You may put here something more useful like svnserve or backup command.



Windows:

I prefer to use PuTTY and PuTTYgen utility.

To generate ssh key pair start PuTTYgen select key type (rsa/dsa), its strength (number of bits, 1024 or more) and click on "Generate" option.
Then save public and private key in some safe location (lets call them id_dsa.ppk and id_dsa.pub).

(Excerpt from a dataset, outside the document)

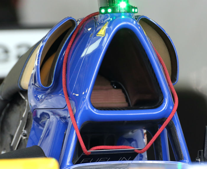 One of the most striking details of the Sauber C36 is its lack of a roll hoop, instead of having the conventional hoop as a roll over structure with the main combustion air intake in the centre of that hoop the Sauber features a ‘blade’ with the air intakes for cooling and combustion either side of it. The central structure is the component which passes the crash tests and is meant to protect the driver in the event of a roll over accident.

Copy public key to the destination's server using pscp command or copy&paste contents of that file while using PuTTY to some local file on destination server.
Once the public key is on the destination server you need to convert it first from PuTTY format to OpenSSH:
[mike@server ~]$ ssh-keygen -if id_dsa.pub > id_dsa_converted.pub
Then add id_dsa_converted.pub contents to ~/.ssh/authorized_keys2 file:
[mike@server ~]$ cat id_dsa_converted.pub >> .ssh/authorized_keys2

Now start PuTTY, go to the Connection->Data settings and fill in "Auto-login username" field (specify username that will be used on the destination server).
Then go to Connection->SSH->Auth and select "Private key for authentication" file (id_dsa.ppk).
Go back to the Session list, provide destination server name or ip address and save this connection under specified name.

Connection from Windows-based client should work fine now.